Stored data:
= = = =

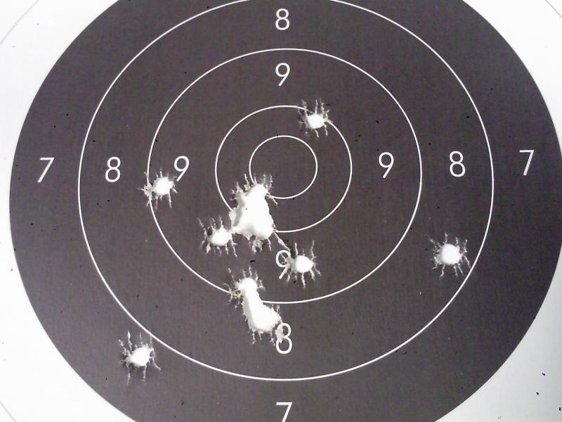 ............ pero luego a pesar de las buenas sensaciones no acabo de agrupar, o lo hago donde no debo. Toquiteo un poco alza y túnel y no acabo de centrar, pero observo que los pistones salen hechos añicos aunque el martillo no se revoca.............. pero por si las moscas cambio la chimenea. Luego en casa he visto que ya tiene 0,9 mm de canal.
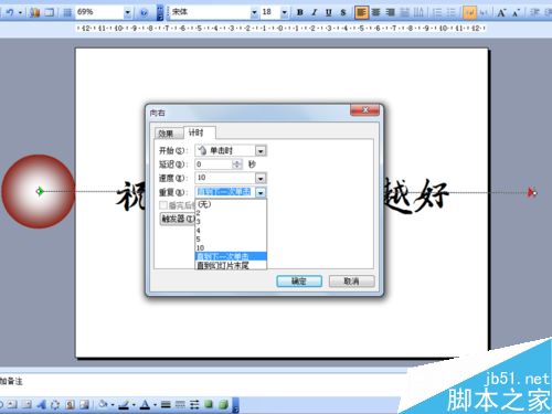 6、在自定义动画对话框中设置向右属性对话框,在计时选项卡中设置速度为10秒,重复选择直到下一次单击。
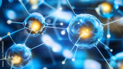 Microscopic view of glowing particles decaying into smaller fragments, symbolizing particle decay in a physics lab setting with scientific instruments and equipment in the background.
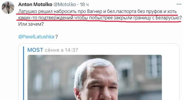 Кто в этой ситуации выглядит полной дурой — для всех очевидно. Поэтому инфообслуга срочно уводит котлетосину из-под удара. Крайним решили сделать болтливого алкоголика. Бессмысленный «министар» хрен знает чего на свою голову распустил язык и, желая показать свою значимость и информированность, бредил про «выдачу белорусских паспортов вагнеровцам», которые уже стоят в очередях на въезд в Польшу. Этого оказалось достаточно для других паразитов, чтобы обвинить лахушку в том, что он подставил змагаров и это из-за него соседи закупоривают границы с РБ. До объявления пьянтоса агентом КэйДжиБи осталось 3… 2…
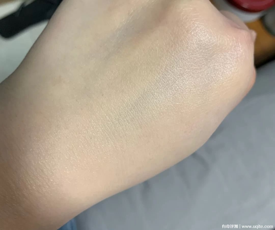 蒂邇肌防曬霜是駝色的,很水潤的質(zhì)地,抹開之后輕薄不粘膩,剛開始會有點油光,成膜后就消失了,整體使用感確實不錯。還稍微帶點增色效果,自然通透、挺有光澤感的,不泛白,我臉上暗沉明顯,能修飾一下,平時趕時間化不了妝只涂它出門也挺好的。

= = = =

• Your goal
From the first line to the last, print the records exactly; leave out the pictures.

• Task solution
 ............ pero luego a pesar de las buenas sensaciones no acabo de agrupar, o lo hago donde no debo. Toquiteo un poco alza y túnel y no acabo de centrar, pero observo que los pistones salen hechos añicos aunque el martillo no se revoca.............. pero por si las moscas cambio la chimenea. Luego en casa he visto que ya tiene 0,9 mm de canal.
 6、在自定义动画对话框中设置向右属性对话框,在计时选项卡中设置速度为10秒,重复选择直到下一次单击。
 Microscopic view of glowing particles decaying into smaller fragments, symbolizing particle decay in a physics lab setting with scientific instruments and equipment in the background.
 Кто в этой ситуации выглядит полной дурой — для всех очевидно. Поэтому инфообслуга срочно уводит котлетосину из-под удара. Крайним решили сделать болтливого алкоголика. Бессмысленный «министар» хрен знает чего на свою голову распустил язык и, желая показать свою значимость и информированность, бредил про «выдачу белорусских паспортов вагнеровцам», которые уже стоят в очередях на въезд в Польшу. Этого оказалось достаточно для других паразитов, чтобы обвинить лахушку в том, что он подставил змагаров и это из-за него соседи закупоривают границы с РБ. До объявления пьянтоса агентом КэйДжиБи осталось 3… 2…
 蒂邇肌防曬霜是駝色的,很水潤的質(zhì)地,抹開之后輕薄不粘膩,剛開始會有點油光,成膜后就消失了,整體使用感確實不錯。還稍微帶點增色效果,自然通透、挺有光澤感的,不泛白,我臉上暗沉明顯,能修飾一下,平時趕時間化不了妝只涂它出門也挺好的。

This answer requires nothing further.